Picking a carseat is no mean feat, there are so many to choose from and every parent just wants the safest seat they can afford. When trying to decide many parents go to trusted comparison websites like Which? and look at safety test scores that are conducted against the seats. You may have even heard of the new phrase i-Size which is a new standard of seat that some of the latest car seats are advertising, you can find out about the i-Size standard here in more depth. Recent testing and research has found that using the new extended rearward facing (ERF) car seats (keeping them rear facing for much longer) is five times safer in an accident than a forward facing car seat. This is due to the fact that frontal collisions are the most dangerous collisions you can have in a car, they come hand in hand with the two deadly variables high speed and strong force. As you can imagine if a child is facing rearward in a frontal collision then they are not flung forward but instead cupped and supported inside the carseat. This is why the statistically outcome is some much more favourable.

The NUNA Rebl Many of my parenting friends like us have forked out large sums – £395 to be precise on the latest ERF car seat which is why it came as quite a shock when Nuna’s Rebl i-Size car seat came out with a fail in the ADAC test. Shockingly Nuna claim that the carseat is safe as it still passes the European safety standard tests (ECE R129) but these tests only reach speeds of 30mph. In the The German Automobile Club (ADAC) test which you can see in the video the base sheered right off the seat, subsequently Which? have now downgraded the Nuna Rebl carseat to their “Don’t buy” list. Nuna announced a statement on their Facebook page claiming that the ADAC test was “extreme” and not recognised as a standard in the UK, personally I’d rather car seats were tested more extremely than not.

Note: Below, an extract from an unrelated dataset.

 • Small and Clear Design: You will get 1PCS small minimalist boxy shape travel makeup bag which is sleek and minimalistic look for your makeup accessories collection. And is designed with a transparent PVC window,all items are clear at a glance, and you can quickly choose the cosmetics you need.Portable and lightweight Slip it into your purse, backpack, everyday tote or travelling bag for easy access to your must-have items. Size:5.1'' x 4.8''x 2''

The Nuna Rebl i-Size scored so badly in our front-impact crash tests when tested rearward facing with a crash test dummy representing a three-year-old, that its score was downgraded overall, making it a Don’t Buy. –

Many of the parents I know who bought this car seat have struggled to gain any answers from their retailers about refunds with some varying replies ranging from no refunds, discuss it with your retailer to yes we will refund you. Nuna’s initial post in response to the Which? announcement on the 26th of October

At Nuna, we strive to continuously provide the best, safest gear possible for your customers and their families. That is why we designed our award-winning REBL i-size car seat to both meet and exceed the ECE R129 standard as tested by the VCA (the UK executive agency of the Department of Transportation and leading certification body).

We were disappointed to hear that recently a German automobile club, ADAC, gave the REBL a less than favourable rating when they performed their own tests on it, which fall outside of the government mandated guidelines for i-size child car seats. These results were reported in the UK by Which? Rest assured, our REBL has always and continues to be a safe and secure riding solution as it not only meets but exceeds the i-size standard, as demonstrated in the matrix below. 

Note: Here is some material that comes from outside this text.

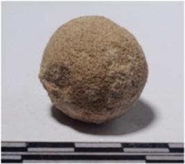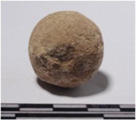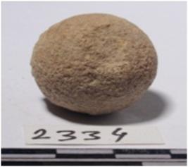 | Description / विवरण | A stone sling ball round in shape of rough surface. |

However, we understand that in some cases, ADAC’s rating may play a factor in a family’s car seat choice. Should you have any questions about the REBL please do not hesitate to reach out to our customer service team Monday through Friday on 0800 9520 061 between the hours of 9am to 5pm or email us directly at and we can discuss all with you. – Nuna Facebook

No talk of any kind of refund which corresponded with the many parents I’ve heard from. The results of the german test had lots of parents in a panic who have now gone out immediately to replace their car seats before other competitors run out of stock. On the 28th of October Nuna clarified further “We will not be conducting a product recall unless the recognised relevant national authorities deem the seat is unsafe.” It appears pressure from customers however has given the team at Nuna a change of heart, as today they posted the following statement on their Facebook Page.

Your peace of mind is important to us and should you need immediate assistance, we recommend you reach out to your retailer. We are partnering with their teams to help you with next steps, including the option to replace or refund so that each of you can best be assisted. – Nuna, Facebook

Luckily we didn’t buy the Nuna Rebl and opted for the Cybex Sirona (which I shall review here in the near future) instead, but if you’ve had trouble getting a refund yourself I’d love to hear about it! You can contact Nuna’s customer service team on 0800 952 0061 or email them at .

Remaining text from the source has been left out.